Four days before I posted that Dutch film critic’s review of Anton Corbijn‘s The American, Big Hollywood‘s Kurt Schlichter reviewed Rowan Joffe‘s screenplay, and I have to say it’s moderately amusing. Even though Schlichter is one of “them,” he can be funny. Except he needs to spell arrivederci correctly next time.
“We never find out much about [George Clooney‘s] back-story, which is okay because we really don’t care,” he says toward the end. “His tattoo reveals that he’s ex-Special Forces, because, as we know, all Green Berets leave the Army to join that giant high-priced international hit man industry we somehow never hear about in real-life. If in reality half as many people were employed as high-priced professional assassins as Hollywood movies depict, the unemployment rate would only be 9% and the Obama administration would point to it as evidence the stimulus is working.
“The script is technically proficient and evocative, meaning that I could clearly and fully visualize all of the tired, hackneyed cliches. On the plus side, other than the ‘you Americans don’t know how to live life’ crap, it’s not political.
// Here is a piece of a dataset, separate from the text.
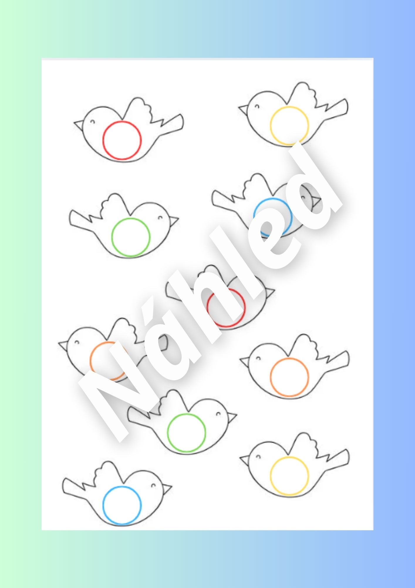 - Ptáčci s barevnými kruhy - přiřaď ptáčkům barevné kruhy podle zadání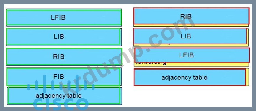 엔지니어가 MPLS VPN 서비스 제공업체 네트워크에서 종단 간 고객 트래픽 문제를 해결하고 있습니다. 엔지니어는 라우팅 문제를 해결하기 위해 어떤 작업을 사용해야 합니까? 왼쪽의 테이블 유형을 오른쪽의 가장 유용한 문제 해결 작업/라우터 유형으로 끌어다 놓습니다. (모든 옵션이 사용되는 것은 아닙니다.)

It’ll be equally dull for adherents of every political stripe.
“And there’s another upside – there’s a hot Italian girl character in it and in pretty much every scene she’s taking off her clothes. I don’t mean just once or twice — I mean this gal makes Lindsay Lohan look like a particularly repressed Amish chick during Sunday school. So Clooney gets to pick up a big paycheck for hanging out in the Italian countryside surrounded by hot naked girls (yeah, there’s more than one), so I can see what was in The American for him. Unfortunately, I still can’t see what’s supposed to be in it for the rest of us.
One plus for the film, Schlicter says, will be the talented Corbijn, last seen directing the very cool Joy Division movie Control. And yet “terrifyingly, a true story about a Goth band and its lead singer’s eventual suicide has more laughs than this script does, which is to say at least one.”
It’s now 12:45 pm. The American will screen in Manhattan a little more than six hours from now.
Update: Who was I to talk about Schichter misspelling arrivederci when I couldn’t spell his last name correctly? Apologies.